The information with temporal data may include a plurality of customers over time as well as customer purchasing of a plurality of products, the dashboard forecasting demand including a forecast of demand based on purchasing decisions over time before and after the initial time. The instructions may be further executable by the at least one processor to generate and provide an alert to a user when inventory is above a particular threshold or below a particular threshold based on forecasting to enable the user to purchase or not purchase one or more products based on forecasted demand such that inventory levels are not critically low or extremely high relative to demand. In some embodiments, the instructions are further executable by the at least one processor to: receive incentive offers from a manufacturer of at least one product, the incentive offering a bonus for sales of the at least one product, and generate and provide an alert to a user when forecasted demand for the at least one product is at or above an incentive threshold to enable the user to make changes to further increase sales of the at least one product.

In some embodiments, the instructions are further executable by the at least one processor to: receive a plurality of incentive offers from a plurality of manufacturer for volume sales of a plurality of products, each of the incentives of the plurality of incentive offers offering a bonus for sales of at least one product of the plurality of products, at least a subset of the plurality of incentive offers including different expiration dates after which a particular incentive is no longer available, for each of the plurality of incentive offers, identify forecasted demand for the applicable product of the plurality of products, compare forecasted demand for different products and generate and provide an alert to a user when forecasted demand for at least one of the plurality of products is higher than the other products of the plurality of products before a particular expiration date expires.
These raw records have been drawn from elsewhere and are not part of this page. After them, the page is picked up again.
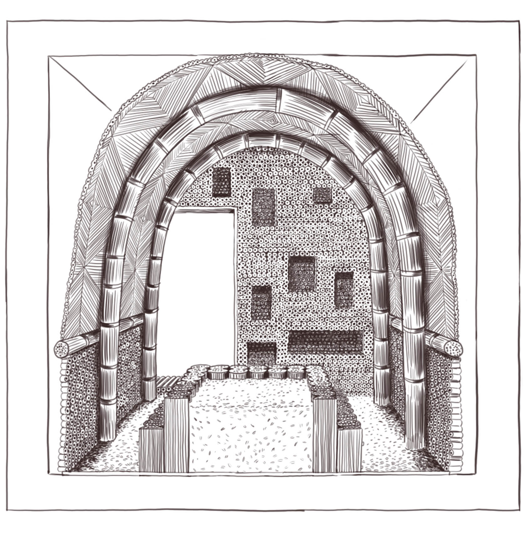 Notre pièce méditerranéenne est une invitation au lâcher-prise, un hommage au sud-est de la France et à certains de ses paysages. Ici, le concept d’un hôtel à sieste trouve une résonance particulière dans l’art de vivre méditerranéen, où le temps ralentit sous le bruissement des roseaux et l’ardeur du soleil filtré à travers une cabane.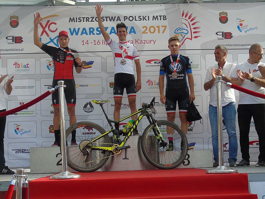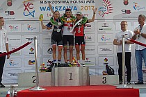 Mistrzostwa Polski w tym roku zorganizowane były w Warszawie na wcześniej mi nie znanej górze Kazurce. Trasa mocno interwałowa, z krótkimi stromymi podjazdami oraz sztucznymi zjazdami i przeszkodami, z pozoru wyglądała na łatwą. Zmagania rozpoczęliśmy już pierwszego dnia od wyścigu sztafet w składzie Marceli Bogusławski, Piotr Kryński, Kasia Solus oraz Marek Konwa. Szczęście dopisało i nasza drużyna Volkswagen Samochody Użytkowe MTB Team wywalczyła złoto w tej kategorii. Jeśli chodzi o wyścig Elity i młodzieżowców to sędziowie przygotowali dla nas dwie rundy rozjazdowe i osiem dużych okrążeń. Mocne tempo od wjazdu na rundę nadawał Marek Konwa, a zdołało je utrzymać tylko paru zawodników. W połowie wyścigu postanowiłem spróbować swoich sił i zaatakować na jednym z krótkich podjazdów i udało się zyskać kilka metrów przewagi nad drugim młodzieżowcem Filipem Heltą. Ostatnie dwie rundy starałem się jechać swoim tempem, kontrolując sytuację. Mistrzostwa Polski zakończyły się po mojej myśli. Koszulka zdobyta, a przy okazji wpadł brązowy medal w elicie!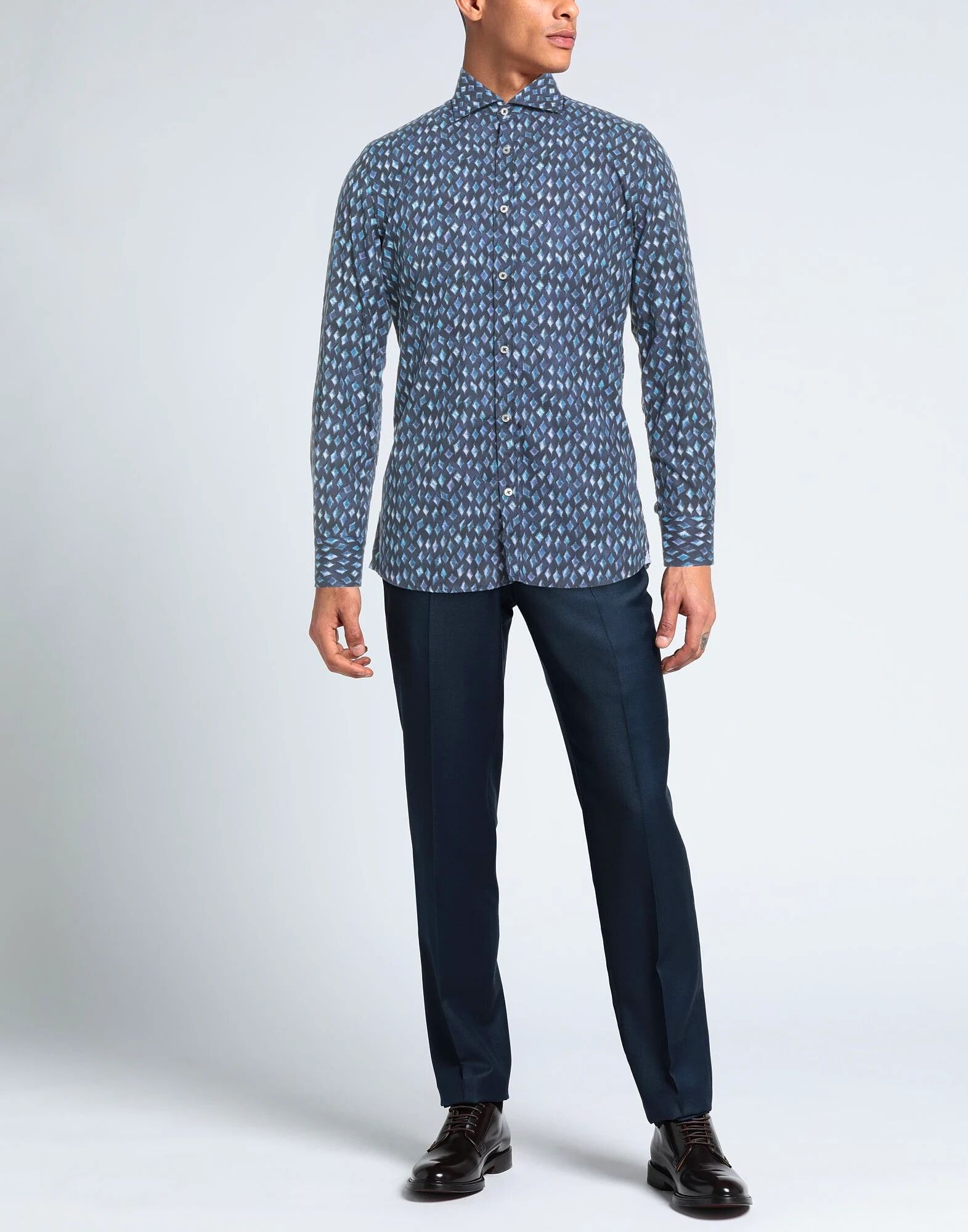 Рубашка приталенного кроя, тканая, многоцветная, без аппликаций, классический воротник, длинные рукава, манжеты на пуговицах, застежка на пуговицы, машинная стирка, не отбеливать, не сушить в сушильной машине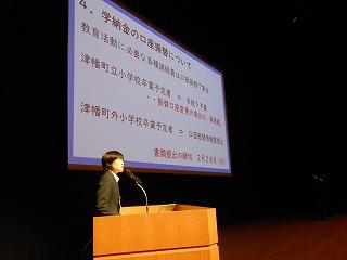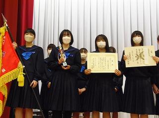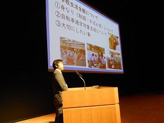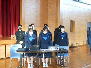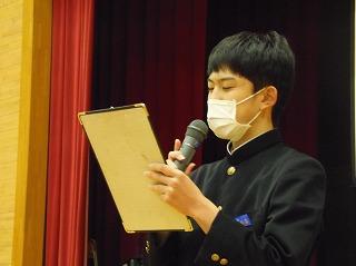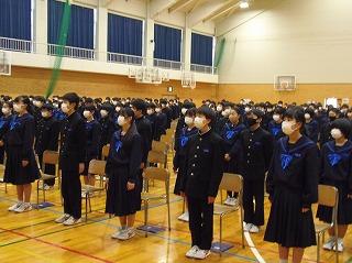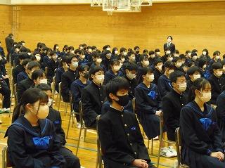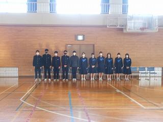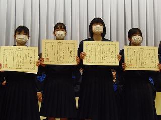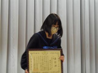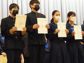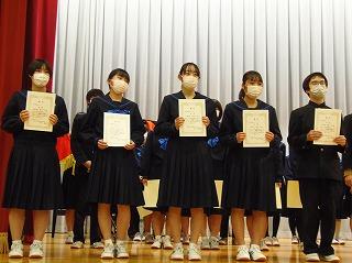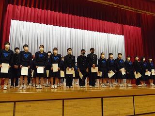 まずは表彰披露です。吹奏楽部の新人戦やボート部のインドアローイング大会、津幡町英語スピーチコンテスト、人権作文などの表彰生徒がステージに上がりました。

In some embodiments, the instructions are further executable by the at least one processor to: receive a plurality of incentive offers from a plurality of manufacturer for volume sales of a plurality of products, each of the incentives of the plurality of incentive offers offering a bonus for sales of at least one product of the plurality of products, at least a subset of the plurality of incentive offers including different expiration dates after which a particular incentive is no longer available, for each of the plurality of incentive offers, identify forecasted demand for the applicable product of the plurality of products, compare forecasted demand for different products, compare overall incentive for a particular number of different products with high forecasted demand relative to forecasted demand of the different products, and generate and provide an alert to a user when forecasted demand for at least one of the plurality of products is higher than the other products of the plurality of products before a particular expiration date expires and when the overall incentive if above an incentive threshold

The instructions may be executable by the at least one processor to create past topological hierarchical decompositions for the first set of historical time subsets comprises the instructions being executable by the at least one processor to: project the information to a first embedding based on at least one metric, determine a first lowest cover resolution of the first embedding that identifies non-overlapping secondary coverings based on sets within one of the covers of the first embedding, identify a branch point of a first connected-component network based on the non-overlapping secondary coverings, generate subsets from the branch point based on the non-overlapping secondary coverings, if a network generation threshold has not been met, then for each subset from the branch point, determine a second lowest cover resolution that identifies non-overlapping secondary coverings based on the sets within one of the covers of a particular subset to identify a new branch point and new subsets from that branch point of the first connected-component network, for each leaf of the connected-component network, identify embeddings of a feature space and generate a local object embedding space using a transposition of segmented features with related objects, add coordinates of objects within each leaf of the local object embedding to a data array, project array data from the data array to a second embedding, determine a third lowest cover resolution of the second embedding that identifies non-overlapping secondary coverings based on sets within one of the covers of the second embedding, identify a branch point of a second connected-component network based on the non-overlapping secondary coverings, generate subsets from the branch point based on the non-overlapping secondary coverings, if a network generation threshold has not been met, then for each subset from the branch point, determine a second lowest cover resolution that identifies non-overlapping secondary coverings based on the sets within one of the covers of a particular subset to identify a new branch point and new subsets from that branch point of the second connected-component network, and generate at least one past topological hierarchical decomposition.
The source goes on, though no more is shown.